Во всякое другое время вопрос этот, заданный с супружеской сухостью, смутил бы госпожу де Реналь, но теперь она чувствовала, что мужу ее стоит только немного нагнуться, чтобы увидеть Жюльена, ибо он занял стул напротив дивана, на котором только что сидел Жюльен.

Мигрень послужила всему извинением. Между тем как муж, в свою очередь, пространно рассказывал ей подробности выигранной им в клубе партии на бильярде — в девятнадцать франков, честное слово! — прибавил он, — она заметила, что в трех шагах от них на стуле лежит шляпа Жюльена. Хладнокровие ее удвоилось, она стала раздеваться и, улучив минуту, быстро прошла сзади мужа и бросила платье на стул со шляпой.

Наконец господин де Реналь удалился. Она попросила Жюльена повторить рассказ о своей жизни в семинарии:

— Вчера я не слушала тебя; пока ты говорил, я все время собиралась с духом, чтобы прогнать тебя.

Она забыла всякую осторожность. Разговор шел очень громко, и было, должно быть, часа два утра, когда свирепый удар в дверь прервал их. Это был опять господин де Реналь.

— Скорее отоприте мне, у нас в доме воры! — говорил он. — Сегодня утром Сен-Жан нашел их лестницу.

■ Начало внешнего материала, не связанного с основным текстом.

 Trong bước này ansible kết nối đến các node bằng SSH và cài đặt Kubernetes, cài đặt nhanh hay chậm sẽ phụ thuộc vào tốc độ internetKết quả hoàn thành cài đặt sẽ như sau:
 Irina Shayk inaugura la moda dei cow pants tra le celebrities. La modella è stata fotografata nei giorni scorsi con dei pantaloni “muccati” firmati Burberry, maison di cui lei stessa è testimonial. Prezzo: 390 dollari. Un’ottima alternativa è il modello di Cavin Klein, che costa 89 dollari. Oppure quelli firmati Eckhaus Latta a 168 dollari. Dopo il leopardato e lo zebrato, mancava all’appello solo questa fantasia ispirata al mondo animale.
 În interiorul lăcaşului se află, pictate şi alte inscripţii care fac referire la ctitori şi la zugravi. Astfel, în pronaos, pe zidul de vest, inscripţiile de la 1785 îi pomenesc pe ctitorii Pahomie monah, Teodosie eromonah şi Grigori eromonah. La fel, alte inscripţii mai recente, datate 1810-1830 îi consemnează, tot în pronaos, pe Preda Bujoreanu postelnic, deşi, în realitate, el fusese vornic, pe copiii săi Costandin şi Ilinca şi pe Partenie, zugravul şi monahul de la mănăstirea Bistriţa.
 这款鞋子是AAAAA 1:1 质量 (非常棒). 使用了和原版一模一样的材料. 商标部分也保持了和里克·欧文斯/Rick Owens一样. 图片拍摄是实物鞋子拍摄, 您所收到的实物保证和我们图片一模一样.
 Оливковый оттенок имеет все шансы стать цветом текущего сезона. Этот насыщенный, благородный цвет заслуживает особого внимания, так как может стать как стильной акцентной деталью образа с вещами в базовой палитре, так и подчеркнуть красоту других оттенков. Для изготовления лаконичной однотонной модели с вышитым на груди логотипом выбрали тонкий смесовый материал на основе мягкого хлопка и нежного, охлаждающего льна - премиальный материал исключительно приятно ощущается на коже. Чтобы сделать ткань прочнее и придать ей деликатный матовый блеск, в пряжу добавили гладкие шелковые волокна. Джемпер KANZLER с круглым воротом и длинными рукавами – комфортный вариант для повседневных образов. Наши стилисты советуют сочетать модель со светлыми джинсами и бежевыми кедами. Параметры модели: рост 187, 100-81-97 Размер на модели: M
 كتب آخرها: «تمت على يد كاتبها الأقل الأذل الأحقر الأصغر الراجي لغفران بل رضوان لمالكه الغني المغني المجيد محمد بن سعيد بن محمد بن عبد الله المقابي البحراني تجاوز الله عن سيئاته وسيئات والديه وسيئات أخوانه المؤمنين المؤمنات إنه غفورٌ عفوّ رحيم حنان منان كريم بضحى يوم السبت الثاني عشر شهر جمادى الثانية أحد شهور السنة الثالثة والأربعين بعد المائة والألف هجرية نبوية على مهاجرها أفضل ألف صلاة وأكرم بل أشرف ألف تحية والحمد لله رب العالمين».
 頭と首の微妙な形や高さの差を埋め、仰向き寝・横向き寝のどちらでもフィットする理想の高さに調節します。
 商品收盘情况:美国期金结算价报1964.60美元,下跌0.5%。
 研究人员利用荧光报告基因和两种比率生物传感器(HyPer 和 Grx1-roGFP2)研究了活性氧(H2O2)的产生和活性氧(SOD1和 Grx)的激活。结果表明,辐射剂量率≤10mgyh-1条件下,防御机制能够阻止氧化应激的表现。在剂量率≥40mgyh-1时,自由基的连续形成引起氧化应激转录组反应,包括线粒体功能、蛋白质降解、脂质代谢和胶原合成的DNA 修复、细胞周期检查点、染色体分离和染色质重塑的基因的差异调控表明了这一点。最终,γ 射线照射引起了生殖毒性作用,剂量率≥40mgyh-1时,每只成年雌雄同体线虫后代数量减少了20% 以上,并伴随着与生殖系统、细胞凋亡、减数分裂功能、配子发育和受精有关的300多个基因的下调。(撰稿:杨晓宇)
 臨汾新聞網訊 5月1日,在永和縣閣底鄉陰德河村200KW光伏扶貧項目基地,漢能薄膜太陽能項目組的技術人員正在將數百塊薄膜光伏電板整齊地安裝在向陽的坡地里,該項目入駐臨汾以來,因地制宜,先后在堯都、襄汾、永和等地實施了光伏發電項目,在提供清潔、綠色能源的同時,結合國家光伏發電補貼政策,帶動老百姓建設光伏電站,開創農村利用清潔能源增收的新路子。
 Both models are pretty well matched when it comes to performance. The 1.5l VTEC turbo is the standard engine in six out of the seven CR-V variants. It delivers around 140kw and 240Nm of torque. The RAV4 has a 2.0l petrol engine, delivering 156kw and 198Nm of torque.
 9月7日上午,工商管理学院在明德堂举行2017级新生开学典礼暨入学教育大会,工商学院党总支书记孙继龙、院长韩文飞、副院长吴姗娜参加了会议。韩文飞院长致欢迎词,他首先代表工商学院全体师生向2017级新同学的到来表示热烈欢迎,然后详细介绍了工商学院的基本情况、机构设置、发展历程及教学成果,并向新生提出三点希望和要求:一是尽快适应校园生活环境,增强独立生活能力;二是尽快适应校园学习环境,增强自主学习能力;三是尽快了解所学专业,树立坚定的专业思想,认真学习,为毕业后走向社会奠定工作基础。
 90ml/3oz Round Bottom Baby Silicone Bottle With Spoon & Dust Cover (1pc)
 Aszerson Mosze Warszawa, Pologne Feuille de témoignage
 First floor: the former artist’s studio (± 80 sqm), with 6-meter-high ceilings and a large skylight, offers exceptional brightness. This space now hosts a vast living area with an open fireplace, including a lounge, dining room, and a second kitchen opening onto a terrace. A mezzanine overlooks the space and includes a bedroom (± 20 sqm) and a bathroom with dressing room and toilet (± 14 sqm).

— Теперь все кончено, — вскричала госпожа де Реналь, бросаясь в объятия Жюльена. — Он убьет нас обоих, потому что в воров он не верит; я умру в твоих объятиях более счастливая при смерти, чем в течение всей жизни. — И, не отвечая ни звука выходившему из себя мужу, она страстно целовала Жюльена.

— Сохрани мать Станиславу, — и он посмотрел на нее повелительным взглядом. — Я выпрыгну во двор из окна твоей уборной и скроюсь в саду, собаки узнали меня. Свяжи мою одежду в узел и брось в сад, как только будет возможно. А пока пускай выламывает дверь. Главное, ни в чем не признавайся, я тебе это запрещаю; пусть лучше у него будут подозрения, а не уверенность.

— Ты убьешься, когда будешь прыгать! — это было ее единственным ответом и единственной тревогой.

Она проводила его до окна уборной, потом спрятала его одежду и наконец отворила дверь кипевшему гневом мужу. Он осмотрел комнату, уборную, не говоря ни слова, и скрылся. Жюльену была брошена его одежда, он схватил ее и проворно побежал к нижней части сада по направлению к Ду.

Во время бегства он услышал свист пули и вслед за ним ружейный выстрел.

«Это не господин де Реналь, — подумал он, — он слишком плохо стреляет». Собаки молча бежали рядом с ним; второй заряд раздробил, очевидно, одной из них лапу, потому что она жалобно завизжала. Жюльен перепрыгнул через ограду террасы, сделал под ее прикрытием шагов пятьдесят и опять бросился бежать в другом направлении. Он слышал перекликающиеся голоса, отчетливо видел, как лакей, его враг, выстрелил из ружья; стрелял также фермер с другого конца сада, но Жюльен уже добрался до берега Ду и принялся одеваться.

Час спустя он был уже на расстоянии лье от Верьера, на Женевской дороге. «Если у них появятся подозрения, — подумал Жюльен, — то меня будут скорее искать по дороге в Париж».